Levity, spontaneity, originality—these are things that Another Earth is unconcerned with. It's so desperate to prove itself as something deep, something real, something important that it ends up as something diametrically opposite. This is a common tendency among first time directors (Another Earth is Cahill's first feature film), but at least sometimes we can acknowledge and understand this tendency (the attempt to make a mark in a film industry that's dauntingly hard to break in to) and recognize the natural skills, technical or otherwise, of the woman or man behind the camera. Not so in this case: judging from Another Earth, Cahill has no promising tricks or ideas or sentiments in his arsenal.

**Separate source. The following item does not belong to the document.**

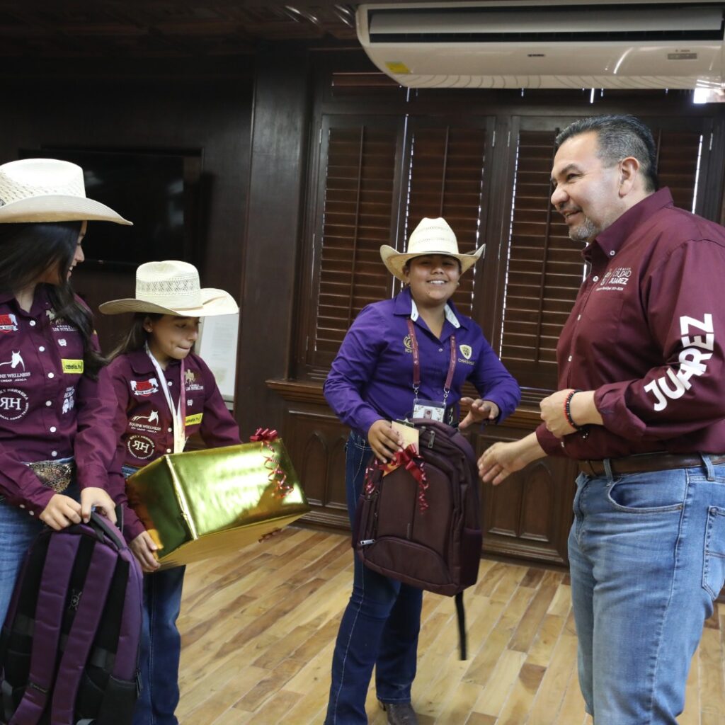 Viernes 6 de Junio del 2025.- El Alcalde Cruz Pérez Cuéllar felicitó a las niñas campeonas en los Juegos Conade de Rodeo, en los que representaron a Juárez y al estado de Chihuahua en una competencia que se realizó en el estado de Jalisco. José Luis Mayrán Hernández Moreno, entrenador de Ciudad Juárez, dijo que el objetivo de la visita…

Am I being too hard on him, and on Another Earth? The movie is bad, but after all, it's just a typical American indie drama, one of many trite, lifeless, self-involved, precious cinematic dirges that find success at Sundance or Tribeca—no better or worse than most. The answer is yes, I am being too hard on the movie and on Cahill—because my frustration should be directed towards American independent cinema in general, not primarily at the filmmakers but, just as importantly, at the distributors and film programmers and industry "pundits" and scenesters and marketers who take this as something valuable, who give it a standing ovation, who put this forward as something we should celebrate as emblematic of American independent moviemaking. Give Cahill and Another Earth's crew credit for one thing: they've made an industry believe they're seeing something new and enlightening. This means the shame should be placed on the movers and shakers (the ones who decide which movies are picked up for distribution—which movies American audiences will see) who have bought into Another Earth's dog-and-pony show. They see grainy handheld cinematography, vacant and morose stares from attractive newcomers, and stories revolving around a distinctly non-humanistic pain and suffering and, desperate to pitch ticket-buyers that new underdog success story, see something worth selling. At least Hollywood knows what it's selling: brand merchandise that may not give consumers nutrition but, a lot of the time, gives them entertainment. Indie distributors like Fox Searchlight (which, needless to say, operates at the behest of 20th Century Fox—about as far from independent as you can get) pitch us gourmet organic food and then regurgitate slop onto movie screens.